Transcribe exactly the lines from the first line of the records through the line containing "穴(5画)沢(17画) 加(5画)世(5画)子(3画)", and leave out every picture.

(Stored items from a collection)
______________________________

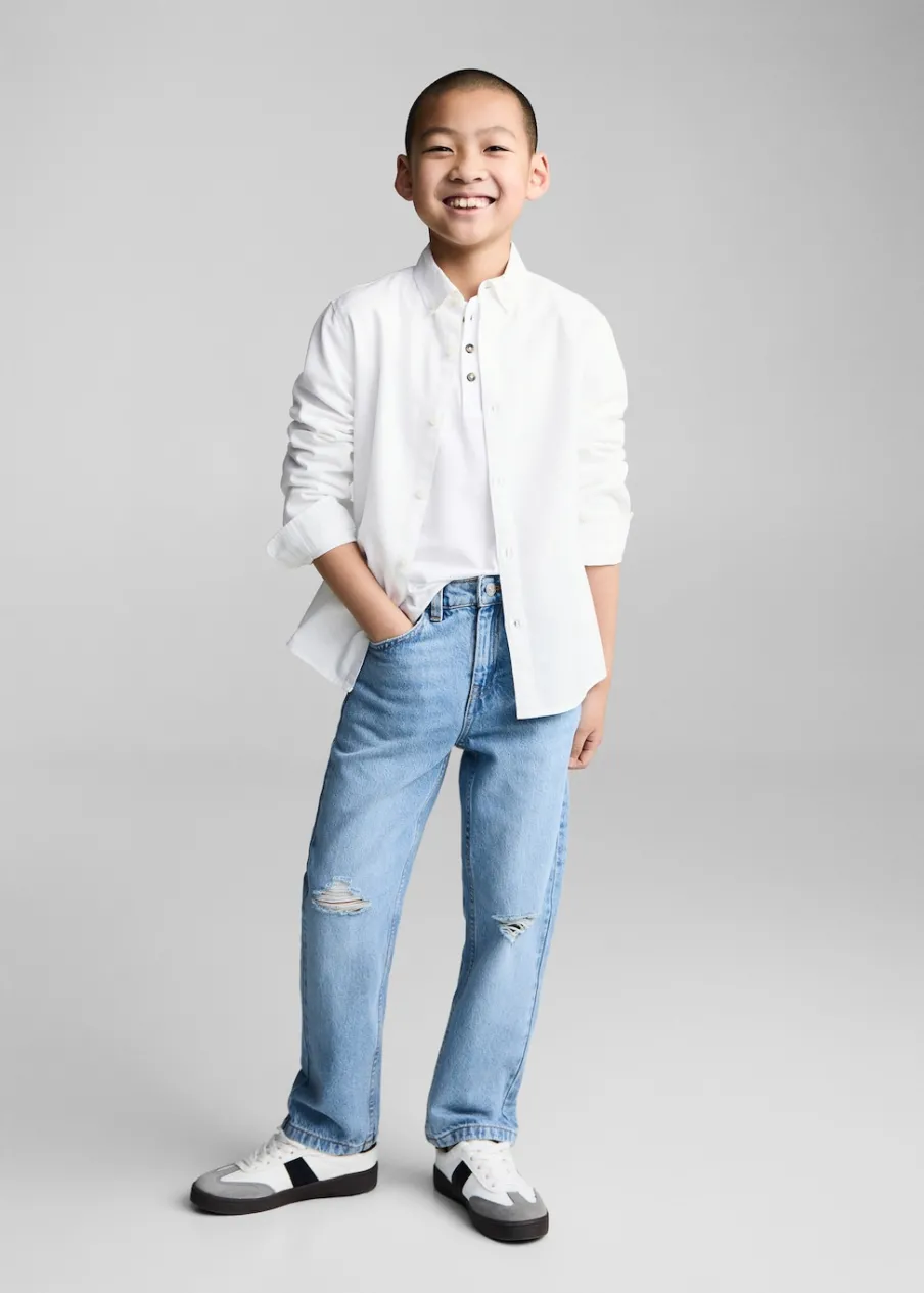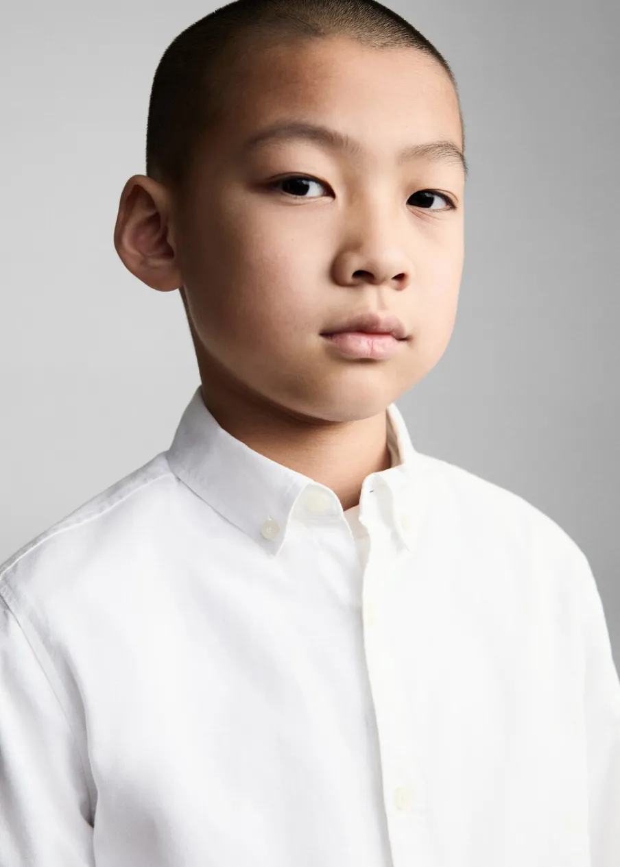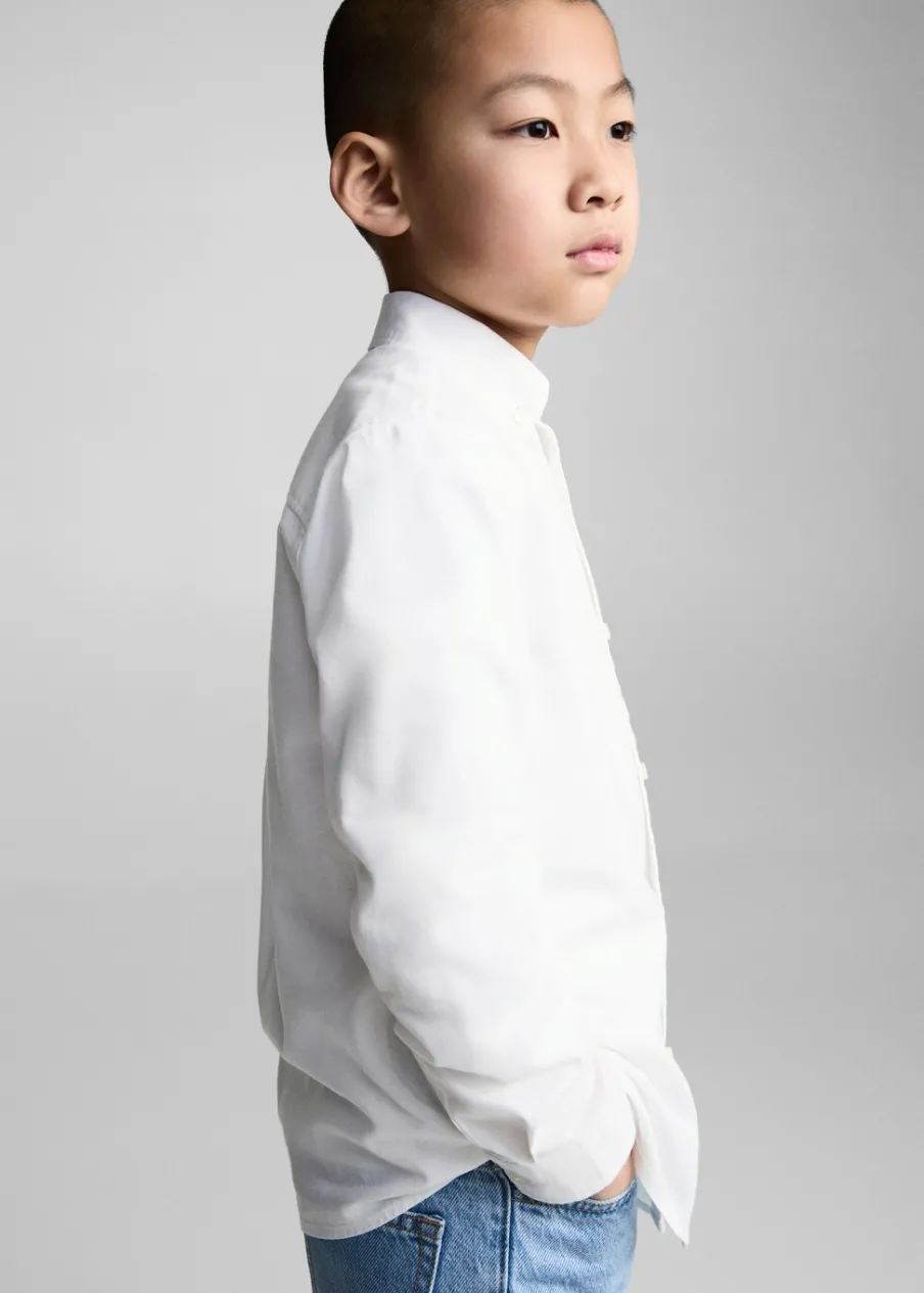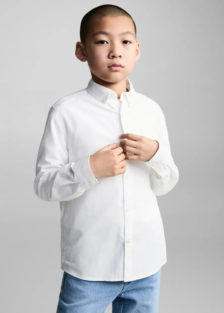 Tkanina z 100% bawełny. Tkanina Oxford. Model prosty. Koszulowy kołnierz. Mankiety koszulowe na guziki. Zapięcie na guziki z przodu.
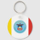 Chaveiro com pavilhão da cidade de Columbus, Ohio; bandeira com três bandas verticais de amarelo, branco e vermelho com selo azul da cidade com águia careca no centro
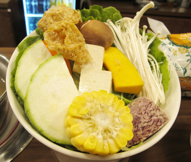 素菜盤,有板豆腐、香菇、豆皮、芋頭、南瓜、絲瓜、玉米、金針菇、紅蘿蔔、青菜、、等
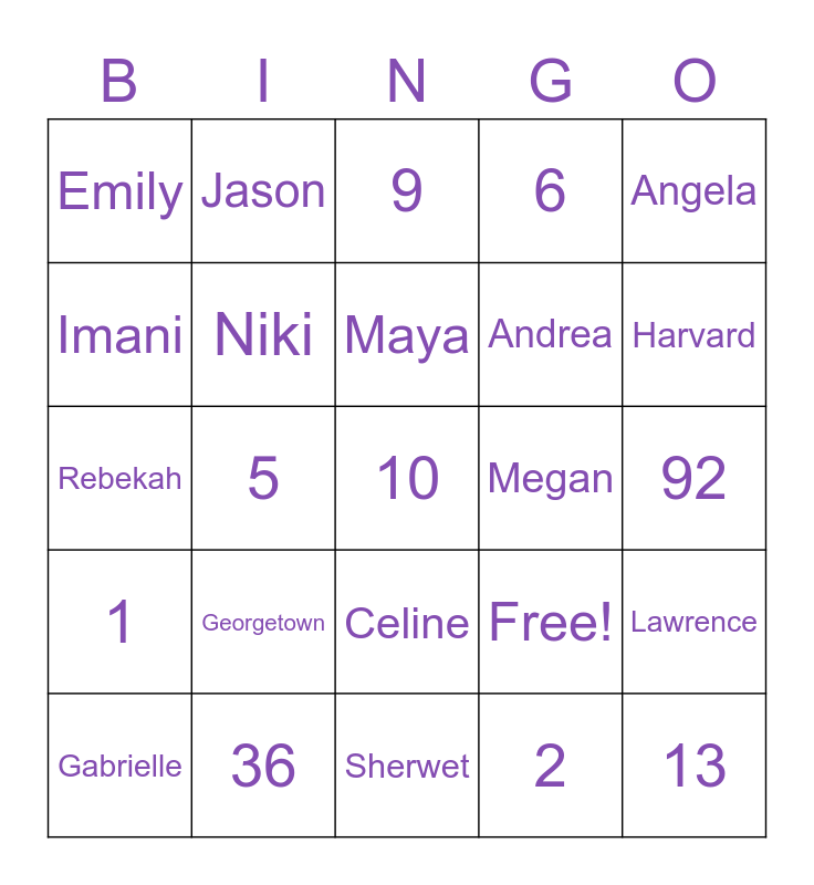This bingo card has 25 words: Georgetown, Sherwet, Maya, Gabrielle, Angela, Emily, Imani, Jason, Megan, Celine, Andrea, Rebekah, Free!, Lawrence, Niki, 13, 92, 9, Harvard, 5, 10, 36, 1, 6 and 2.
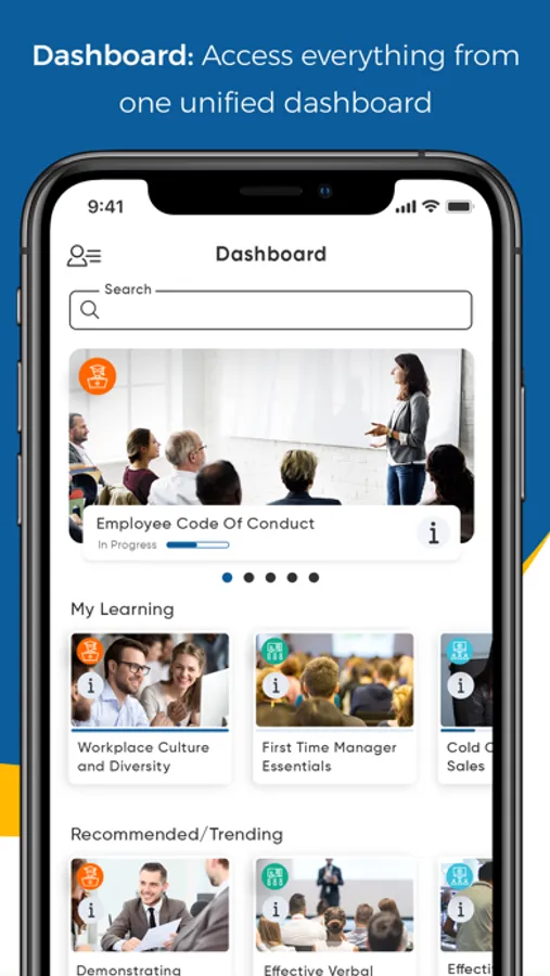 VIEW UPCOMING COURSES: See the assigned upcoming courses and schedule accordingly. VIEW PROGRESS: See course progress anytime ACCESS OFFLINE COURSES: Download courses and access them offline. WIDE RANGE OF CONTENT SUPPORTED: Access SCORM (1.2 and 2004) courses, announcements, messages, videos, documents, and audio files right from the app. VIEW REAL TIME RANKING: Visit the Leaderboard page to check where you stand with respect to your peers. AND MUCH MORE: Change branding colours on the fly, sequence Dashboard widgets and much more. Plenty of customizations available to satisfy everyone’s needs.
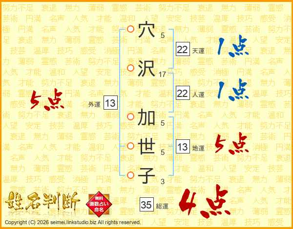 穴(5画)沢(17画) 加(5画)世(5画)子(3画)
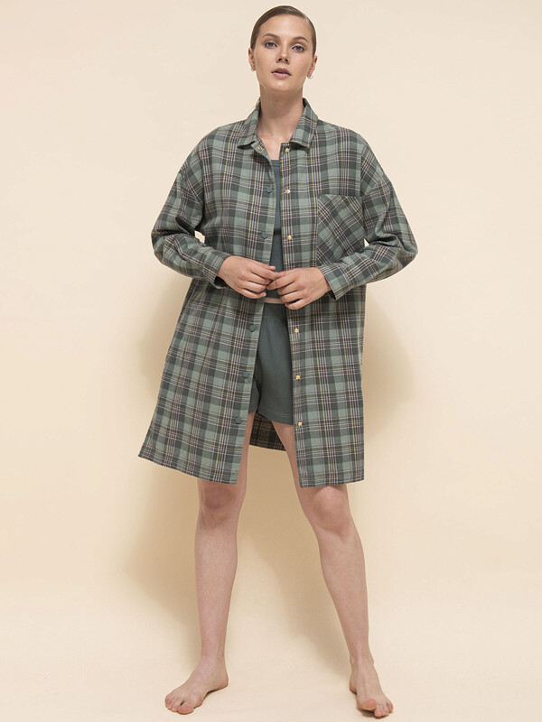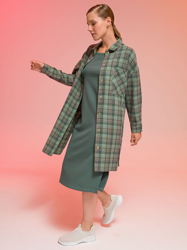 Женское тёплое платье-рубашка из фланели. Домашняя одежда из фланели в клетку — один из актуальных трендов этого сезона. Халат-рубашка женский оверсайз-силуэта со спущенным плечом подарит вам ощущение комфорта и уюта. Платье с длинными рукавами застёгивается на кнопки спереди по всей длине. Изделие дополнено классическим рубашечным отложным воротником и удобным накладным карманом для мелочей на груди. Рубашка лаконичного дизайна, без принта. За ней легко ухаживать. В составе 100% высококачественного хлопка — платье тёплое, мягкое и отлично дышит. Халат фланелевый представлен в красивом зелёном цвете. Размерная линейка: XS (42); S (44); M (46); L (48); XL (50). Такая рубашка подходит женщинам, девушкам, девочкам-подросткам с любым типом фигуры. Отличное платье на осень, зиму и весну для дома и отдыха. Платье свободного кроя с длинным рукавом — прекрасный подарок для мамы или сестры на Новый год или любой другой праздник.

______________________________

▶ [ANSWER TO THIS EXERCISE]:
 Tkanina z 100% bawełny. Tkanina Oxford. Model prosty. Koszulowy kołnierz. Mankiety koszulowe na guziki. Zapięcie na guziki z przodu.
 Chaveiro com pavilhão da cidade de Columbus, Ohio; bandeira com três bandas verticais de amarelo, branco e vermelho com selo azul da cidade com águia careca no centro
 素菜盤,有板豆腐、香菇、豆皮、芋頭、南瓜、絲瓜、玉米、金針菇、紅蘿蔔、青菜、、等
This bingo card has 25 words: Georgetown, Sherwet, Maya, Gabrielle, Angela, Emily, Imani, Jason, Megan, Celine, Andrea, Rebekah, Free!, Lawrence, Niki, 13, 92, 9, Harvard, 5, 10, 36, 1, 6 and 2.
 VIEW UPCOMING COURSES: See the assigned upcoming courses and schedule accordingly. VIEW PROGRESS: See course progress anytime ACCESS OFFLINE COURSES: Download courses and access them offline. WIDE RANGE OF CONTENT SUPPORTED: Access SCORM (1.2 and 2004) courses, announcements, messages, videos, documents, and audio files right from the app. VIEW REAL TIME RANKING: Visit the Leaderboard page to check where you stand with respect to your peers. AND MUCH MORE: Change branding colours on the fly, sequence Dashboard widgets and much more. Plenty of customizations available to satisfy everyone’s needs.
 穴(5画)沢(17画) 加(5画)世(5画)子(3画)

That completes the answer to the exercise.